Là, la question se pose: est-ce que nous continuons ou faisons-nous demi-tour ? Nous n’avons même pas fait 1/4 de la boucle, mais c’est tellement beau que j’ai envie d’en voir plus. Jeff est mitigé: il voudrait continuer mais il a l’air plus réaliste que moi concernant la difficulté de ce qui nous attend si on veut faire le tour du cratère. Je fais pencher la balance avec le super argument « si nous faisons demi-tour, c’est sûr qu’on va se prendre la pluie… ». Et nous voilà donc parti pour la suite des 10km, sur le petit sentier, en marchant un peu plus vite pour éviter que les gros nuages ne nous rattrapent.

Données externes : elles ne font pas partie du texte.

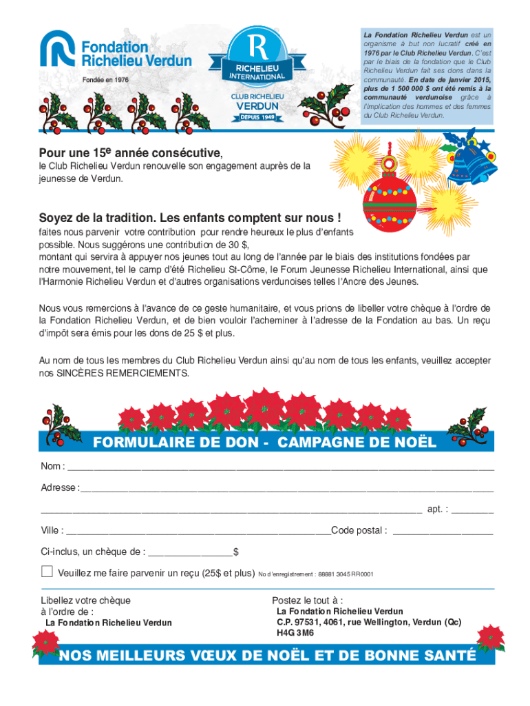 CLUB RICHELIEUVERDUNLa Foundation Richelieu Verdun est UN organism but non-lucrative CR en 1976 par LE Club Richelieu Verdun. CEST par LE bias DE la foundation Que LE Club Richelieu Verdun wait SES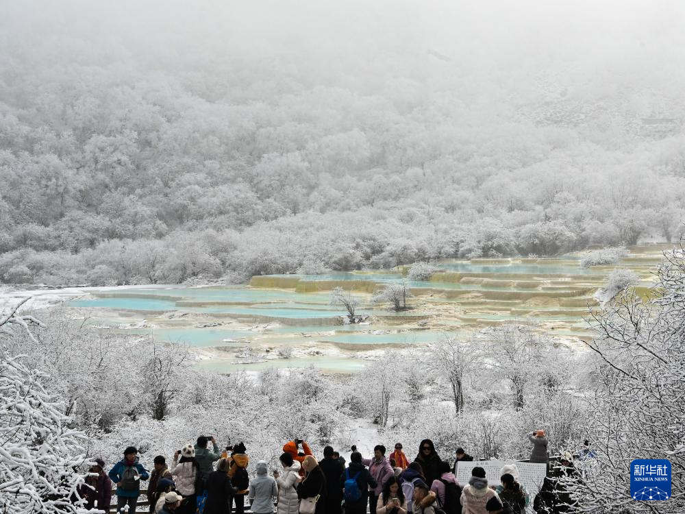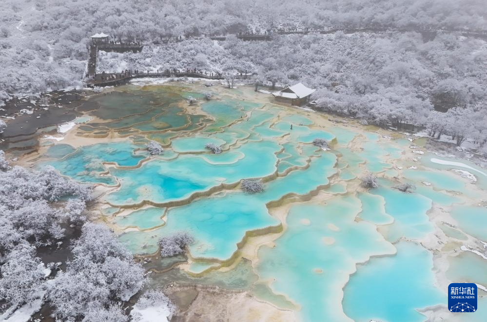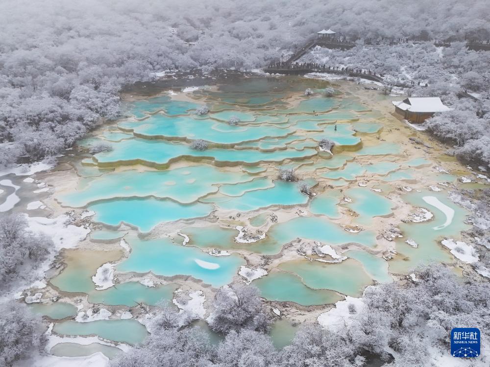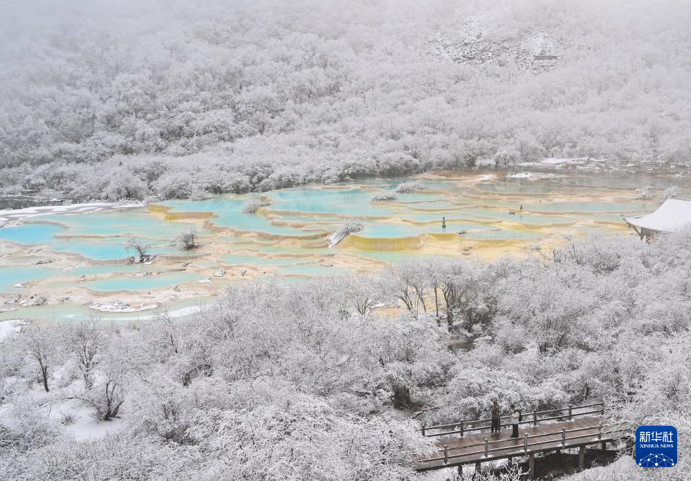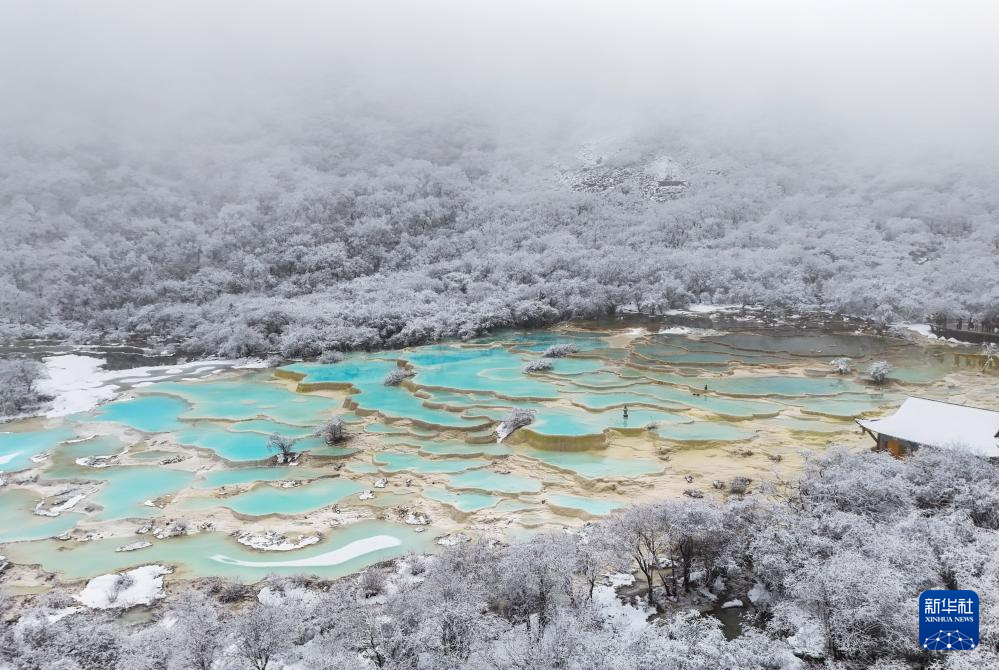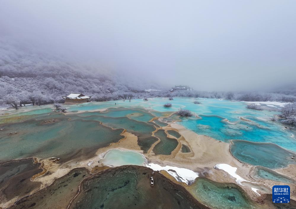11月18日,雪后的四川省阿坝藏族羌族自治州黄龙景区薄雾弥漫,仿佛披上了一层轻纱,如梦如幻。

Voilà 2h30 que nous marchons et nous arrivons à une sorte de refuge. On en profite pour faire une pause, pour grignoter quelques snacks, et pour racheter de l’eau. Oui parce que comme nous n’avions pas prévu de faire 10km, nous sommes donc partis avec seulement 1L d’eau pour deux et ça fait maintenant 1h qu’on doit se rationner… C’est qui les champions de l’organisation ? 😆

La dame qui tient le refuge nous dit que nous sommes à la moitié. On est déjà crevés et on se dit qu’on va terminer la boucle sur les genoux… D’autant plus que la partie la plus haute du cratère nous attend !
En voyant la hauteur à franchir, je suis en flippe de me retrouver, comme un peu plus tôt, sur un passage avec le vide des deux côtés. Je marchais avec les yeux fixés sur les pieds de Jeff devant moi, en me répétant en boucle « allez ma fille, tu peux le faire, avance ». Et bien sûr, malgré la fatigue, il fallait rester hyper concentrés car si tu t’emmêles les pieds ou tu te les prends dans une roche, c’est Chao Bye Bye. Bref, le gros stress pour moi et j’espère vraiment qu’aucun autre passage comme celui-là ne nous attend.
Allez, haut les cœurs, on y va. C’est parti mon kiki pour la grimpette de cette petite crête de rien du tout ! Oui, oui je m’encourage toute seule, il faut ce qu’il faut ahah

Entre les cailloux qui glissent sous les chaussures, les roches à éviter ou à escalader, et l’altitude (je rappelle que nous sommes à plus de 3 800m), autant vous dire qu’on s’essouffle vite, que la montée est longue et difficile et que nous devons faire de nombreuses pauses pour reprendre notre respiration.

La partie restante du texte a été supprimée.